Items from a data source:
————
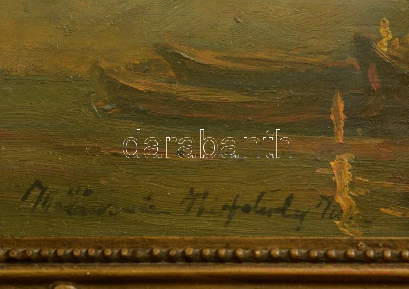 Mészárosné Kisfaludy Mariska (1887-?): Vitorlások. Olaj, falemez, jelzett, hibás antik keretben, 13×23 cm
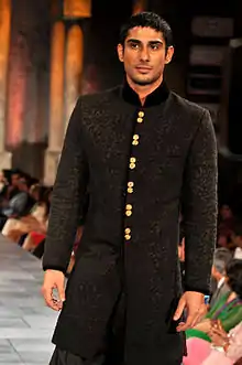 Achkan is a small jacket that usually sports exposed buttons throughout the length of the jacket. The length is usually just at the knees and the jacket ends just below the knee. Achkan is very similar to the Sherwani which is a much longer coat-jacket dress. The jacket has a Nehru collar.[50] The Achkan was mostly worn with tight-fitting pants or trousers called churidars. Achkan is made from various fabrics for both formal and informal occasions. The achkan features traditional Indian embroidery like gota and badla. Achkan was commonly worn by the grooms during wedding ceremonies[51] or other formal festive occasions in the Indian subcontinent but when it evolved into the Nehru Jacket, the achkan became less worn. It was used by men. In India, the achkan is generally worn for formal occasions in winter, especially by those from Rajasthan, Punjab, Uttar Pradesh and Hyderabad. The achkan later evolved into the Nehru Jacket, which is now popular in India. It may be embroidered with gold or silver. A scarf called a dupatta is sometimes added to the achkan.
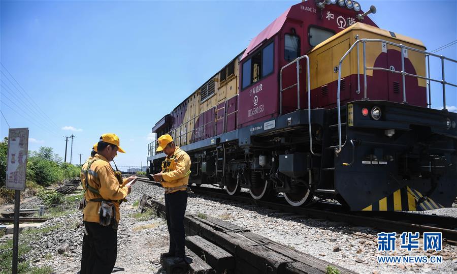 7月25日,在南宁车务段南宁南站调车场,调车员在分派检修任务。 入伏以来,广西南宁市持续高温。南宁车务段南宁南站的调车员们头顶烈日,坚守岗位,保障每一列货运列车准确编组和安全开行。 新华社记者 张爱林 摄
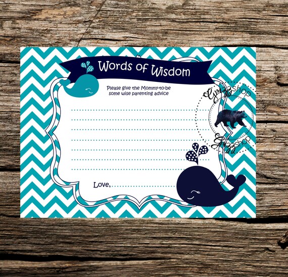 Blue Whale Words Of Wisdom Baby Shower Game Etsy
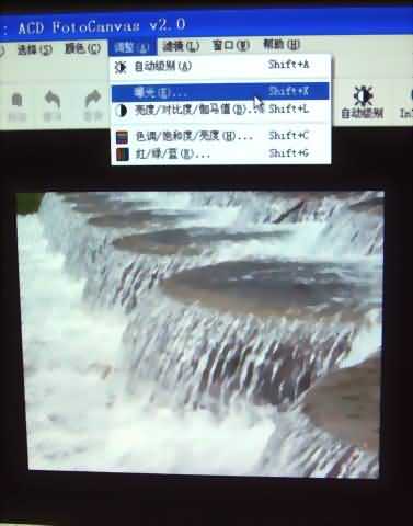 当然,你也可以进行手动处理,打开最上面一排文件菜单,点[调整]下拉菜单后,可以选择-以暴光为例,如下图所示:
————
__Description of the task__: I'd like the data above duplicated exactly, with no pictures included.

__Answer to the exercise__:
 Mészárosné Kisfaludy Mariska (1887-?): Vitorlások. Olaj, falemez, jelzett, hibás antik keretben, 13×23 cm
 Achkan is a small jacket that usually sports exposed buttons throughout the length of the jacket. The length is usually just at the knees and the jacket ends just below the knee. Achkan is very similar to the Sherwani which is a much longer coat-jacket dress. The jacket has a Nehru collar.[50] The Achkan was mostly worn with tight-fitting pants or trousers called churidars. Achkan is made from various fabrics for both formal and informal occasions. The achkan features traditional Indian embroidery like gota and badla. Achkan was commonly worn by the grooms during wedding ceremonies[51] or other formal festive occasions in the Indian subcontinent but when it evolved into the Nehru Jacket, the achkan became less worn. It was used by men. In India, the achkan is generally worn for formal occasions in winter, especially by those from Rajasthan, Punjab, Uttar Pradesh and Hyderabad. The achkan later evolved into the Nehru Jacket, which is now popular in India. It may be embroidered with gold or silver. A scarf called a dupatta is sometimes added to the achkan.
 7月25日,在南宁车务段南宁南站调车场,调车员在分派检修任务。 入伏以来,广西南宁市持续高温。南宁车务段南宁南站的调车员们头顶烈日,坚守岗位,保障每一列货运列车准确编组和安全开行。 新华社记者 张爱林 摄
 Blue Whale Words Of Wisdom Baby Shower Game Etsy
 当然,你也可以进行手动处理,打开最上面一排文件菜单,点[调整]下拉菜单后,可以选择-以暴光为例,如下图所示:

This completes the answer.